Der kleine Eunuch spottete verächtlich, sein Gesichtsausdruck verriet tiefe Verachtung.

„Ich bin immer noch die Prinzessin-Gemahlin des Prinzen Qi. Du Diener, wie kannst du es wagen, so unhöflich zu sein!“, rief Mu Qinghan, und ihr scharfer Blick erschreckte den Eunuchen.

In ihren Worten schloss sie Kaiserin Nalan natürlich in ihre Beleidigungen mit ein. Wer hatte diesem Eunuchen diese Frechheit verliehen? Natürlich sein Herr!

Doch der junge Eunuch diente Kaiserin Nalan schon lange, daher ließ er sich von Mu Qinghans Worten nicht einschüchtern. Nach kurzem Zögern nahm er sofort ein strenges Gesicht an und sagte: „Du schamlose Frau, du hast eine Affäre mit einem Wächter! Solch ein unmoralisches Verhalten, und du wagst es immer noch, dich Prinzessin-Gemahlin zu nennen? Knie nieder!“

Mu Qinghan warf Kaiserin Nalan einen gleichgültigen Blick zu. Da diese keinerlei Absicht hatte, sie aufzuhalten, hob sie eine Augenbraue und sah die Kaiserin direkt an. „Darf ich Eure Majestät fragen, ob mein Verbrechen in diesem Moment bereits festgestellt wurde?“

Kaiserin Nalan war sprachlos. Mu Qinghans Frage – zu diesem Zeitpunkt war das Urteil noch nicht gesprochen!

Sie ist tatsächlich immer noch die Prinzessingemahlin!

Kaiserin Nalan öffnete ihren Mund, wenn auch widerwillig, konnte sie nur wahrheitsgemäß antworten: „Noch nicht!“

Der junge Eunuch verstand sofort. Unter Mu Qinghans eisigem Blick kniete er sich unverzüglich nieder und sagte: „Eure Hoheit, Prinzessin, seid großmütig. Bitte verzeiht meine Unhöflichkeit!“

Der kleine Eunuch hätte nie gedacht, dass eine einfache Prinzessin, die im Sterben lag, über solche Weisheit und Ausstrahlung verfügen könnte!

Doch er war sich sicher, dass Mu Qinghan es nicht wagen würde, ihm etwas anzutun. Er war der Liebling der Kaiserin, und diese kleine Prinzessin würde es nicht wagen, ihn zu bestrafen.

Wenn es sich um eine gewöhnliche Person handeln würde, würde sie das natürlich nicht wagen, aber sie ist – Mu Qinghan!

„Wer den Herrn beleidigt, muss dreißig Stockhiebe hinnehmen, nicht wahr?“ Mu Qinghans Blick wanderte leicht umher, sein fragender Blick fiel auf Kaiserin Nalan.

Kaiserin Nalan, deren Gesicht makellos erhalten war, veränderte leicht ihren Gesichtsausdruck und antwortete mit einem anmutigen Lächeln hilflos: „Das ist völlig verständlich!“

Sobald die vier Worte ausgesprochen waren, wurde der kleine Eunuch sofort zu Boden gestoßen, und nach einer Weile ertönten Schreie der Qual von draußen vor der Tür.

Die Frau, die den Schrei verursacht hatte, hatte einen kalten Gesichtsausdruck.

Mu Qinghan wollte allen klarmachen, dass sie, Mu Qinghan, sich nicht so leicht unterkriegen ließ!
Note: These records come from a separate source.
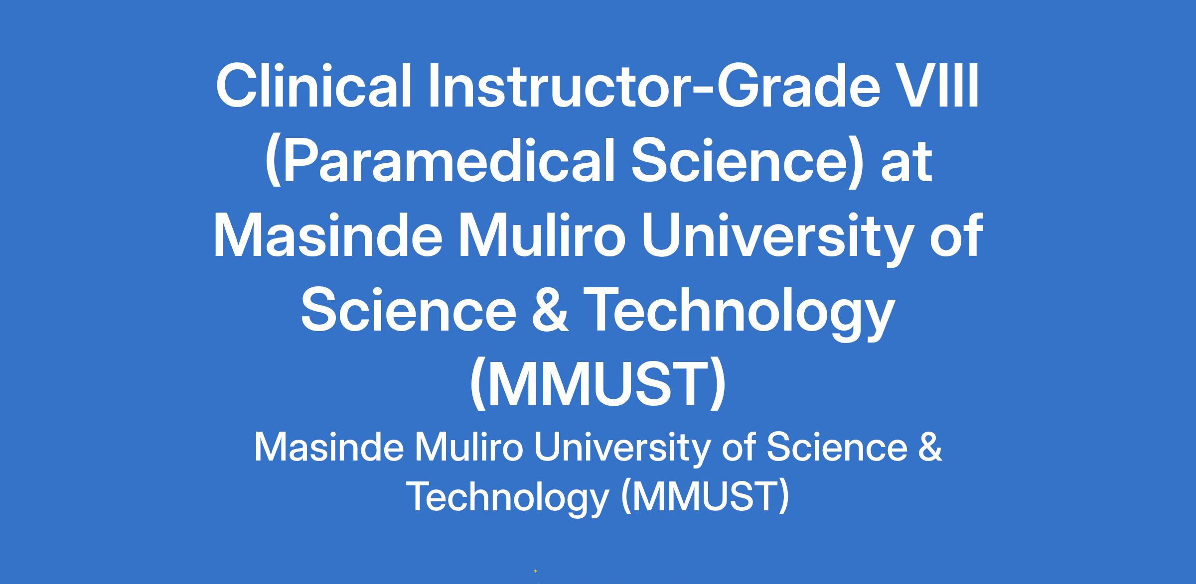 Clinical Instructor-Grade VIII (Paramedical Science) at Masinde Muliro University of Science & Technology (MMUST)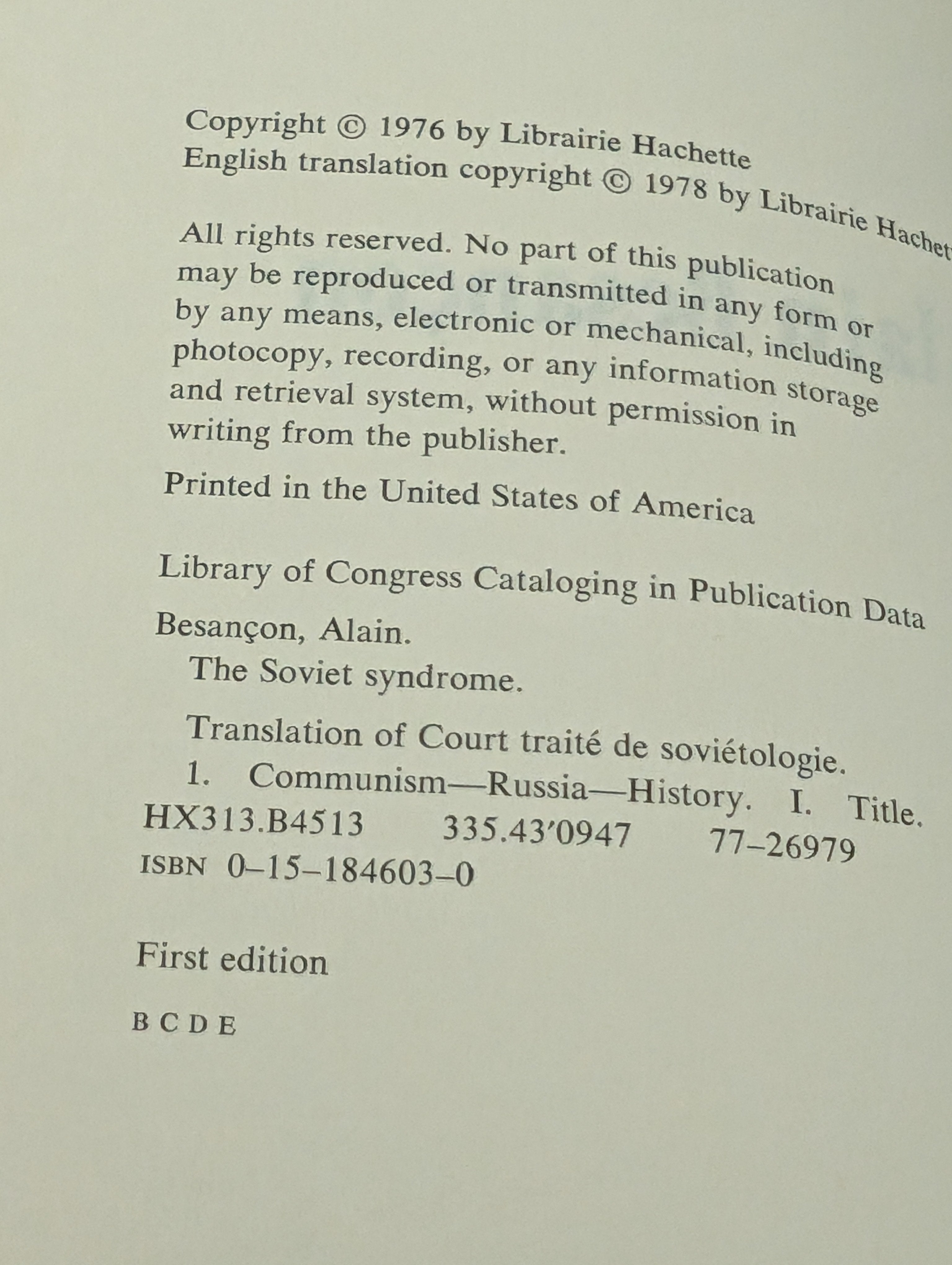 Soviet Syndrome by Besancon, Alain 1976 STATED FIRST EDITION HCDJ SEE PICS is backordered and will ship as soon as it is back in stock.
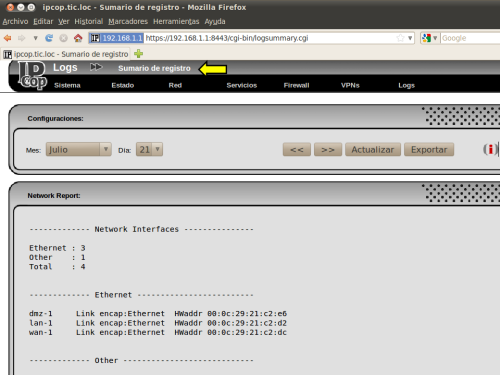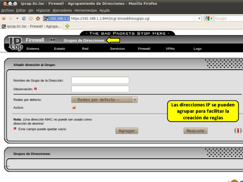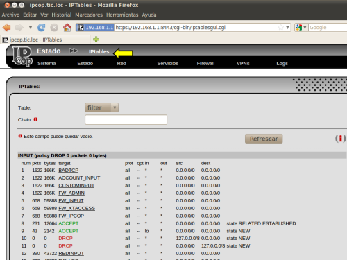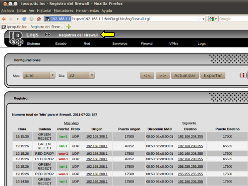 VISTAS DEL MENÚ FIREWALL DE LA CONSOLA WEB

Kaiserin Nalan war sich ihrer Verbrechen noch nicht bewusst, doch Mu Qinghan hatte bereits eine solche Machtdemonstration erfahren, was ihren Zorn nur noch verstärkte.

Diese bloße Prinzessin wagt es, sie so rücksichtslos zu behandeln und ihr Volk so offen anzugreifen!

Selbst wenn sie ursprünglich die Absicht gehabt haben sollte, Mu Qinghans Leben zu schonen, hatten ihre Handlungen längst jeden Gedanken daran zunichtegemacht.